§ WHAT YOU NEED TO DO:
Copy the entries exactly. Leave out any pictures.

§ DATA EXCERPTS:
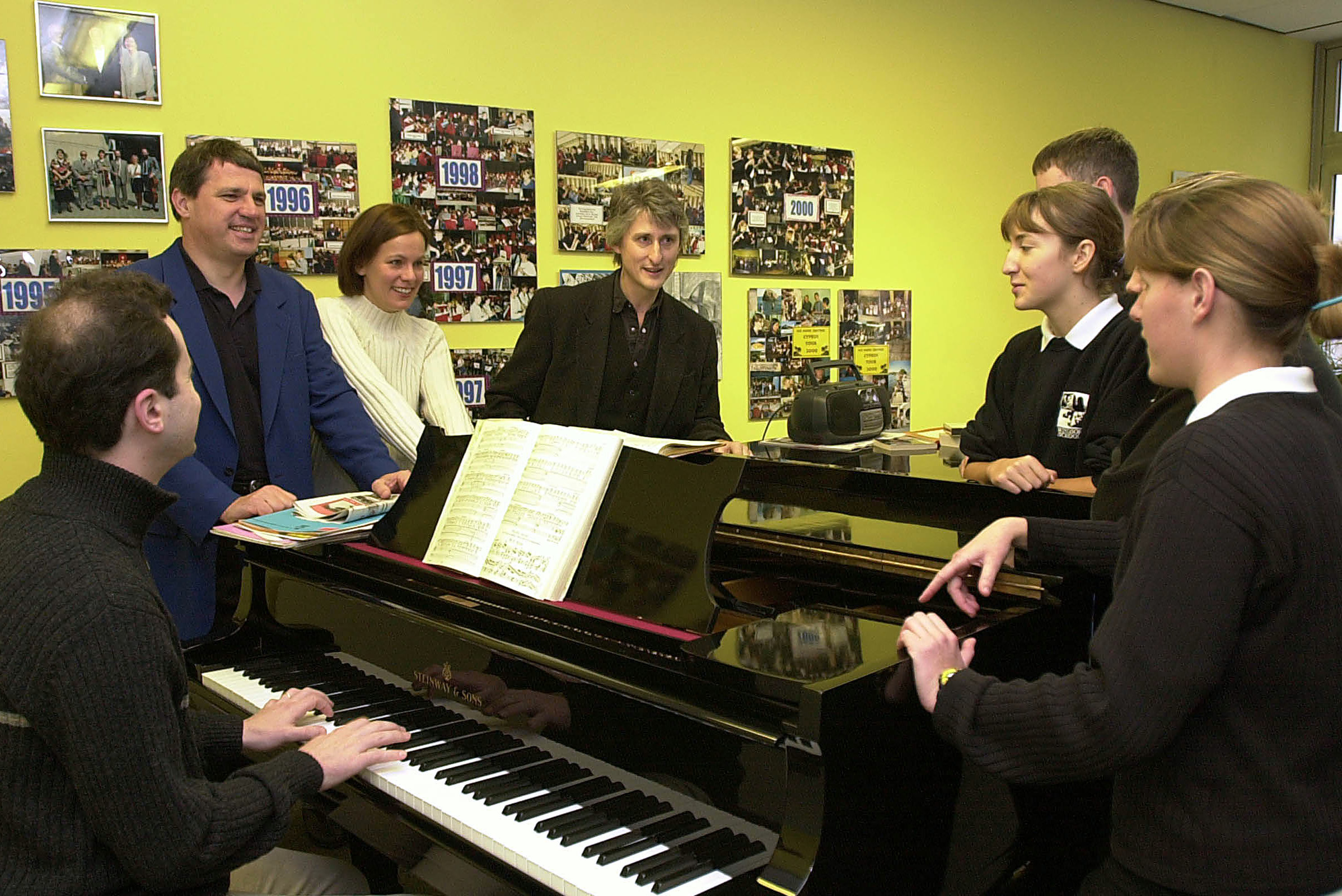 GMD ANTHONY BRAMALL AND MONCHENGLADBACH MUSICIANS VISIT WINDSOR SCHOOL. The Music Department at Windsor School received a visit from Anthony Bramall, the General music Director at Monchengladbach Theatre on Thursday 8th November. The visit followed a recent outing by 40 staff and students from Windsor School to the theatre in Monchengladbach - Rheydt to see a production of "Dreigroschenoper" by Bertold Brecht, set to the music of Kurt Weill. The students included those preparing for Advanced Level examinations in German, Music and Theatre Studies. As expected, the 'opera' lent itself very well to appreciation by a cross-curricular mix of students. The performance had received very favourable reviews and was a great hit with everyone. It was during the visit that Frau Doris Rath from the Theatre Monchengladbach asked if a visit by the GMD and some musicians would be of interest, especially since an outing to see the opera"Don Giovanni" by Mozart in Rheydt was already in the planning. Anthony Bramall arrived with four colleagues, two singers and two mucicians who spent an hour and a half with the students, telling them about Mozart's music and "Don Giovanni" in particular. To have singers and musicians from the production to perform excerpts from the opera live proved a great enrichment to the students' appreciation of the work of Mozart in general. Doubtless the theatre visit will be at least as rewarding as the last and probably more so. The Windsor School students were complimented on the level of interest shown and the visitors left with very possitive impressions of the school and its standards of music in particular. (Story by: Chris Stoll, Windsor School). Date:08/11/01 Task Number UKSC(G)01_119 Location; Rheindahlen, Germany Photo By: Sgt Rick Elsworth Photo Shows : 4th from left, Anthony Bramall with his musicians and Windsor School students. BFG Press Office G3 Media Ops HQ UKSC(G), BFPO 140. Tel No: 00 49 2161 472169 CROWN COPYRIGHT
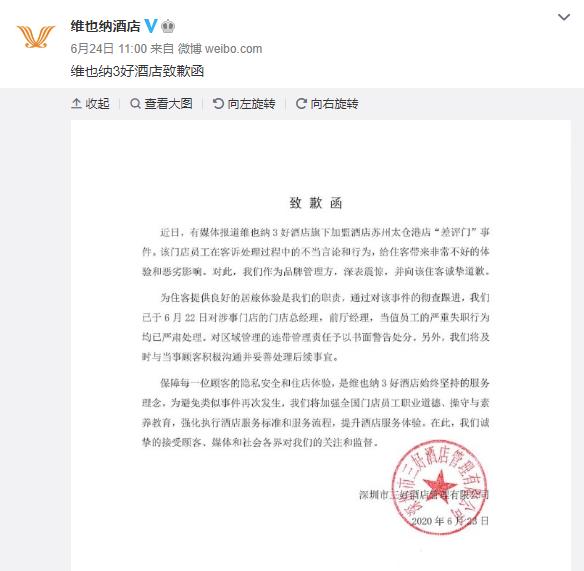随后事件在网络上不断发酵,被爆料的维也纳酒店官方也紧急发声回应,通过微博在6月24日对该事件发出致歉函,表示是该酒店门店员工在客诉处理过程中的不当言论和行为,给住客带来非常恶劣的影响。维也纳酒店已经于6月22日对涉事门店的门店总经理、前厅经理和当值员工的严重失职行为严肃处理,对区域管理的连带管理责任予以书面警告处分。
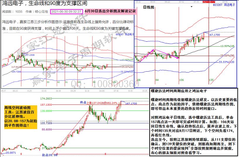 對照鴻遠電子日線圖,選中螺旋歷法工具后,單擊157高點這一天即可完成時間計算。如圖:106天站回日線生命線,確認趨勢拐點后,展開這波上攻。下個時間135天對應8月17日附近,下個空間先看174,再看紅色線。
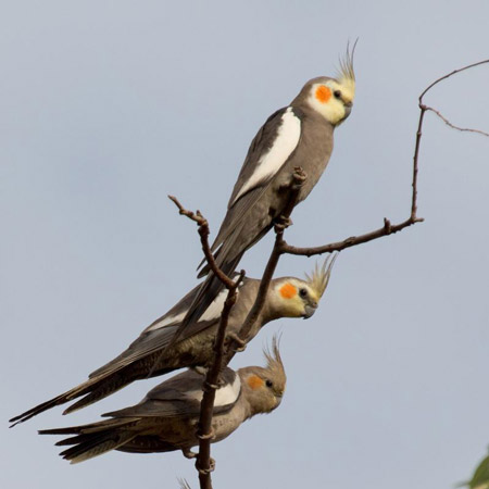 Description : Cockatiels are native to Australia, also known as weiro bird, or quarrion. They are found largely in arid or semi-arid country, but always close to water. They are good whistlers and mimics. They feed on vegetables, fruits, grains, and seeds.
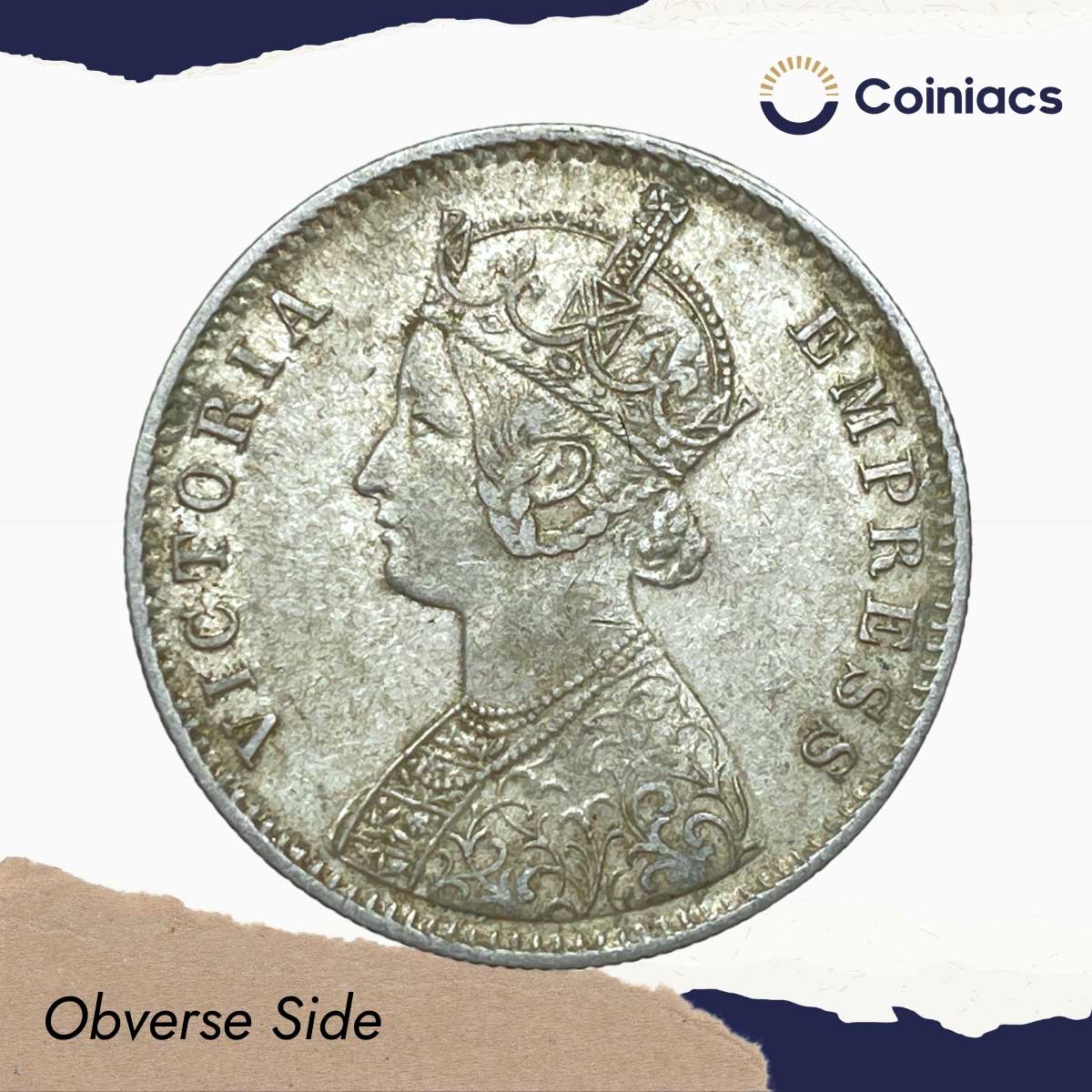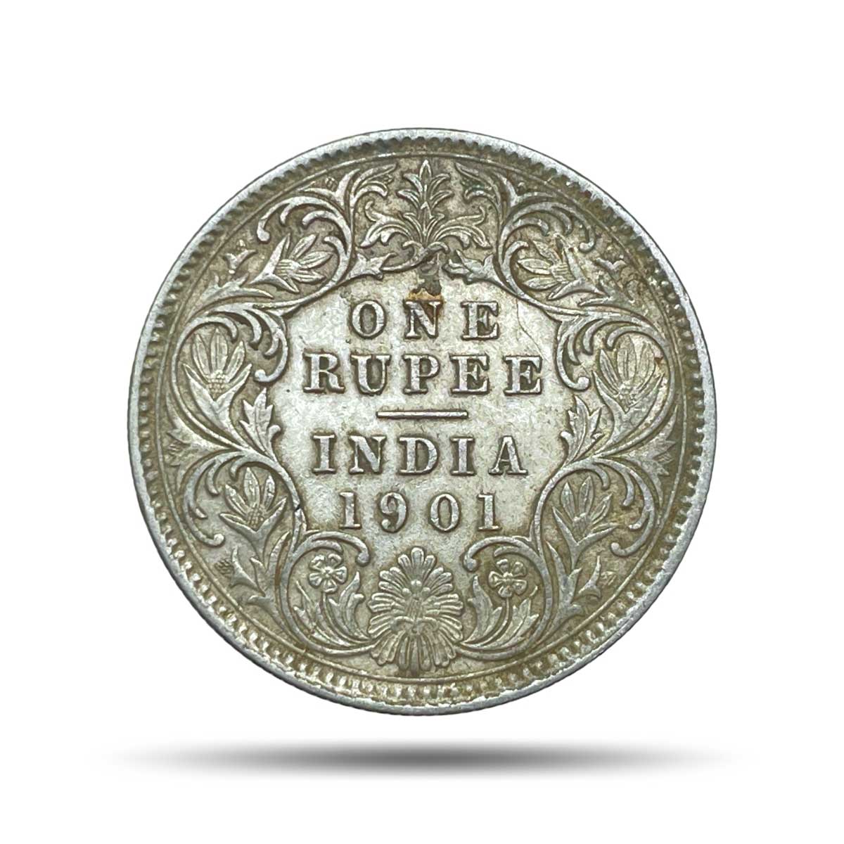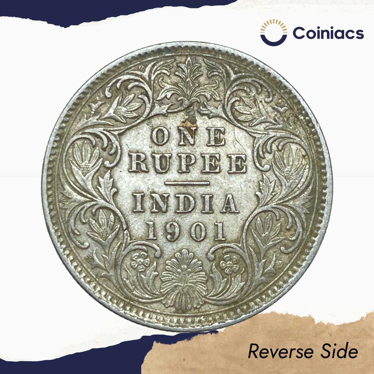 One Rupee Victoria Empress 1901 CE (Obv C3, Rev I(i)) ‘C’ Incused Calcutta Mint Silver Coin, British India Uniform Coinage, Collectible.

§ WRITTEN ANSWER:
 GMD ANTHONY BRAMALL AND MONCHENGLADBACH MUSICIANS VISIT WINDSOR SCHOOL. The Music Department at Windsor School received a visit from Anthony Bramall, the General music Director at Monchengladbach Theatre on Thursday 8th November. The visit followed a recent outing by 40 staff and students from Windsor School to the theatre in Monchengladbach - Rheydt to see a production of "Dreigroschenoper" by Bertold Brecht, set to the music of Kurt Weill. The students included those preparing for Advanced Level examinations in German, Music and Theatre Studies. As expected, the 'opera' lent itself very well to appreciation by a cross-curricular mix of students. The performance had received very favourable reviews and was a great hit with everyone. It was during the visit that Frau Doris Rath from the Theatre Monchengladbach asked if a visit by the GMD and some musicians would be of interest, especially since an outing to see the opera"Don Giovanni" by Mozart in Rheydt was already in the planning. Anthony Bramall arrived with four colleagues, two singers and two mucicians who spent an hour and a half with the students, telling them about Mozart's music and "Don Giovanni" in particular. To have singers and musicians from the production to perform excerpts from the opera live proved a great enrichment to the students' appreciation of the work of Mozart in general. Doubtless the theatre visit will be at least as rewarding as the last and probably more so. The Windsor School students were complimented on the level of interest shown and the visitors left with very possitive impressions of the school and its standards of music in particular. (Story by: Chris Stoll, Windsor School). Date:08/11/01 Task Number UKSC(G)01_119 Location; Rheindahlen, Germany Photo By: Sgt Rick Elsworth Photo Shows : 4th from left, Anthony Bramall with his musicians and Windsor School students. BFG Press Office G3 Media Ops HQ UKSC(G), BFPO 140. Tel No: 00 49 2161 472169 CROWN COPYRIGHT
随后事件在网络上不断发酵,被爆料的维也纳酒店官方也紧急发声回应,通过微博在6月24日对该事件发出致歉函,表示是该酒店门店员工在客诉处理过程中的不当言论和行为,给住客带来非常恶劣的影响。维也纳酒店已经于6月22日对涉事门店的门店总经理、前厅经理和当值员工的严重失职行为严肃处理,对区域管理的连带管理责任予以书面警告处分。
 對照鴻遠電子日線圖,選中螺旋歷法工具后,單擊157高點這一天即可完成時間計算。如圖:106天站回日線生命線,確認趨勢拐點后,展開這波上攻。下個時間135天對應8月17日附近,下個空間先看174,再看紅色線。
 Description : Cockatiels are native to Australia, also known as weiro bird, or quarrion. They are found largely in arid or semi-arid country, but always close to water. They are good whistlers and mimics. They feed on vegetables, fruits, grains, and seeds.
 One Rupee Victoria Empress 1901 CE (Obv C3, Rev I(i)) ‘C’ Incused Calcutta Mint Silver Coin, British India Uniform Coinage, Collectible.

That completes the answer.